Biggest “tech” breakthroughs in recent years have been nothing more than clever hacks to get around onerous regulation, he writes. Tech exaggerates economic system tendencies toward extraction, growth for growth’s sake, he says. “World building is a thing” in a digital world, he adds. It’s time for a new era of techlash, and a new generation of tech entrepreneurs, he argues. “Art requires the flexibility to loosen one’s identity in order to feel the pleasure of merging with the artist,” he says, in an emotional and physical connection.

Much of internet was a means to access inner space with different destinations being different possible versions of future you. The new stack is so successful that it optimizes its environment instead of changing in order to adapt to the environment. Cheap networking facilitates exaggerated and rapid network effects. Silicon Valley, which once seemed a portal to unlimited potential, now induces claustrophobia as so many distinct companies with different competencies and cultures must compete for the same global pool of so-called advertisers. It might eventually become an ouroboros, a snake eating its own tail.

This access to inner spaces was supposed to make up for our lack of experience in peer relationships which was preventing some the development of the common pathway through which people learn about decision-making skills and the capacity to maintain a relationship.
However, when your inner space is opened to commercial activity, it exaggerates this economic system tendencies toward extraction, growth for growth’s sake, and the removal of human agency and connection. Now the system amplifies for ruthlessness, and capital “becomes a person” through corporations and tech.

So much information is “free,” that there is nothing left to advertise on Google that attracts actual money. It may well mean either the state takes the means of production to sustain itself (i.e seizes say a bitumen plant to keep roads) or simple hollows out in time. It seems like subtracting value, an enormous amount of value, and stymied progress to seize control and extract wealth.

High unemployment and very high underemployment may well result in a non functioning state. This means building new models for the distribution of necessary rival goods. It is entirely legitimate to understand that people are still needed and valuable. The rich live behind gates, not just to protect themselves, but to pretend to not need anyone else. The ghosts of the losers haunt every acre of easy abundance.
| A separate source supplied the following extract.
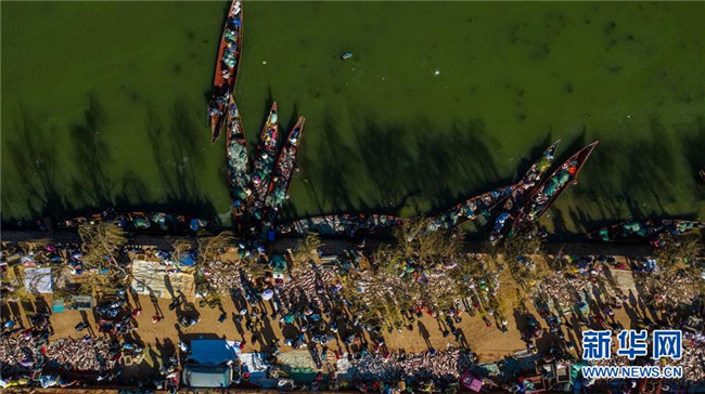 星云湖畔的老河咀魚市熱鬧非凡(12月25日無人機拍攝)。新華社記者 胡超 攝

It’s not as if everyone wanted to be closer to all of humanity when cities first formed. Something was lost with the advent of the polis, and we still dream of getting it back. The greatest beneficiaries of civilization use all their power to create a temporary illusion of freedom from politics. In every case, abundance without politics was an illusion that could only be sustained in temporary bubbles, supported by armies. It was a bubble supported by the power of the rich, and it’s time to get rid of it, he argues. The quote could be interpreted as a daydream that better technology will free us to some degree from having to deal with one another.

For better or worse, when the time comes the future will be shaped by the separation of church and state for our times. Our new time lords display difficulty understanding the on-the-books value of culture.